«La violenza sessuale è un atto odioso e schifoso sempre, ma risulta socialmente e moralmente ancor più inaccettabile quando è compiuto da chi chiede e ottiene accoglienza nel nostro Paese». Queste parole di Debora Serracchiani hanno scatenato innumerevoli polemiche evidentemente strumentalizzate da politici e giornalisti. I socialnetwork sono stati invasi di commenti di ogni genere evidenziando come la questione del razzismo sia dirompente anche e purtroppo più del grave fatto di volenza accaduto. Personalmente sono d’accordo che chi venga accolto in un Paese abbia un dovere morale aggiunto, dovuto al necessario rapporto di fiducia verso le istituzioni che lo accolgono. In questo senso si dovrebbero leggere le parole della Presidente del Friuli Venezia Giulia. Ma penso sia il caso di chiarire alcuni aspetti sulla questione del razzismo, un fenomeno che non rappresenta solamente il pensare e l’agire contro immigrati o gruppi etnici diversi ma anche verso o contro gruppi culturali, associativi, politici, istituzionali, ecc. di cui non si condividono le idee.
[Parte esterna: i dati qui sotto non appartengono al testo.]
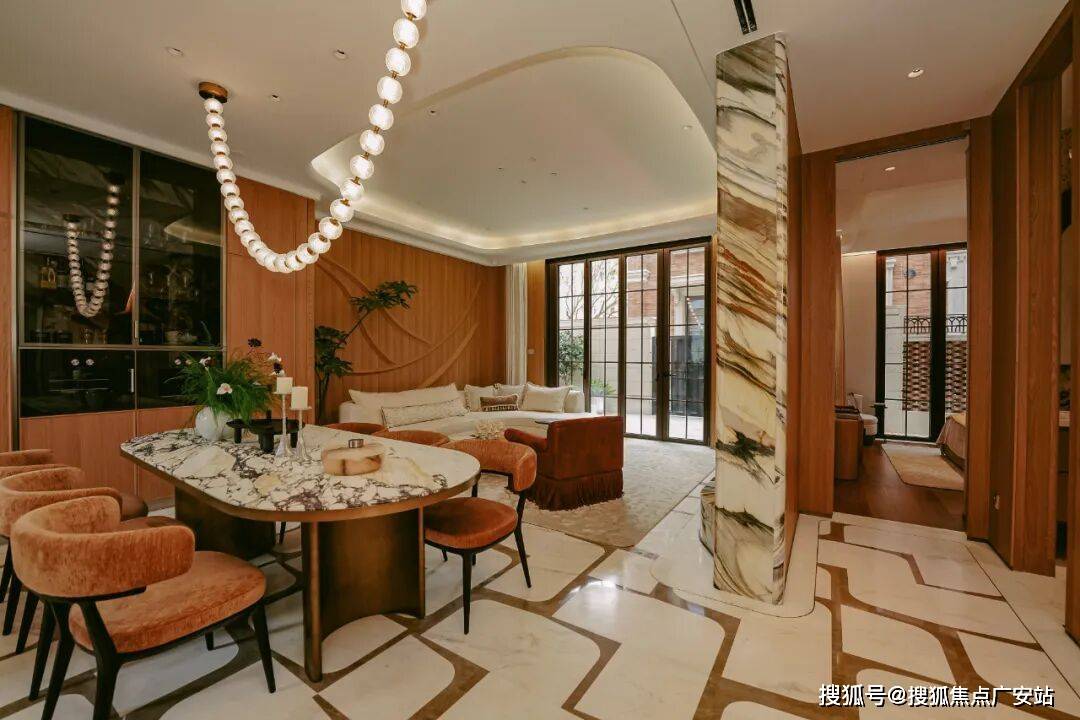 超尺度“洄游聚厅”打破传统壁垒,以餐客厨一体化方厅重构家庭社交中心。南向巨幅落地窗引景入室,无论是三代同堂的温馨飨宴,抑或名流雅士的私密沙龙,皆可从容铺展气度。
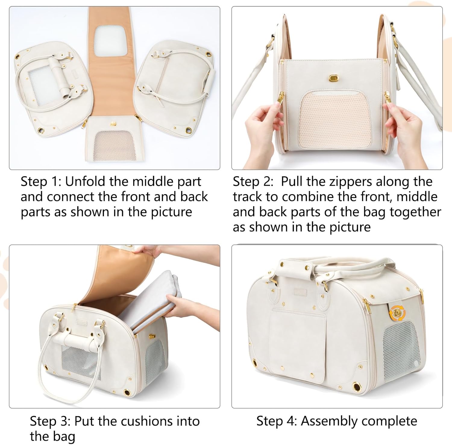 ✈️ PetsHome Dog Carrier Purse, Pet Carrier, Foldable Waterproof Premium Leather Pet Travel Portable Bag for Cat and Small Dog Home & Outdoor Small Beige — Airline-Approved Dog Carrier Review & Current Price
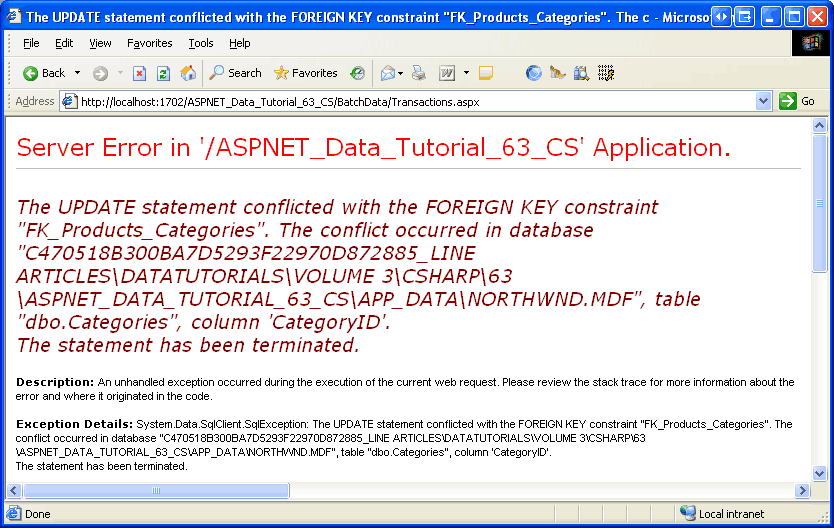 Um dieses Verhalten zu veranschaulichen, besuchen Sie diese Seite über einen Browser. Zunächst sollte die erste Seite mit Daten angezeigt werden, wie in Abbildung 8 dargestellt. Klicken Sie als Nächstes auf die Schaltfläche "Kategorien ändern" (WITH TRANSACTION). Dies führt zu einem Postback, bei dem versucht wird, alle CategoryID-Werte der Produkte zu aktualisieren, was jedoch zu einer Fremdschlüsselverletzung führt (siehe Abbildung 9).

Le politiche colonialiste e nazionaliste del ‘900, ma anche quelle imperialiste dei secoli precedenti, hanno avuto la necessità di trovare una giustificazione adeguata per le gravi violazioni dei diritti umani che queste hanno comportato. Le prime teorie razziste, basate sulla superiorità biologica di una razza sull’altra, comparvero e si svilupparono nel ‘500 con il diffondersi degli imperi di Spagna, Portogallo e Inghilterra. Il pregiudizio collettivo della superiorità biologica della razza europea ha permesso di superare i sensi di colpa ma anche i limiti etici in numerose avvenimenti storici che si sono susseguiti dalla tratta degli schiavi all’olocausto nazista. Il suo fondatore fu il conte de Gobineau, che scrisse un libro sull’ineguaglianza delle razze umane nella seconda metà del ‘800. Altri teorici razzisti del diciannovesimo secolo, come Houston Stewart Chamberlain, esercitarono una forte influenza su estremismi e movimenti nazionalisti. La questione razziale si è aggiunta però su altre discriminazioni e persecuzioni già preesistenti basate su motivi religiosi, politici, culturali.
Per la personalità razzista il valore di un essere umano non è determinato dalla sua capacità o talento ma dal suo far parte di un gruppo, che sia questo un branco o una collettività nazionale od etnica. ll più delle volte il tutto si traduce in odio e disprezzo nei confronti di soggetti “diversi”, di chi è fuori dal “gruppo”. Il razzismo si evidenzia nel rifiuto dell’accettazione di culture e modalità di vita diverse dalla propria, soprattutto se gli individui esterni al gruppo sono contraddistinti anche da condizioni economiche disagiate e degrado. In fondo diventa una modalità per addebitare ai più deboli, ai diversi, a chi non la pensa come noi le cause del malessere collettivo.
E’ vero quindi che il razzismo emerge in quelle classi sociali che non vogliono perdere un livello medio di benessere, ma è anche vero che diventa una sorta di autodifesa, rozza e primitiva, contro la perdita di identità e di valori che rappresentano la cornice della sicurezza sociale del gruppo di riferimento.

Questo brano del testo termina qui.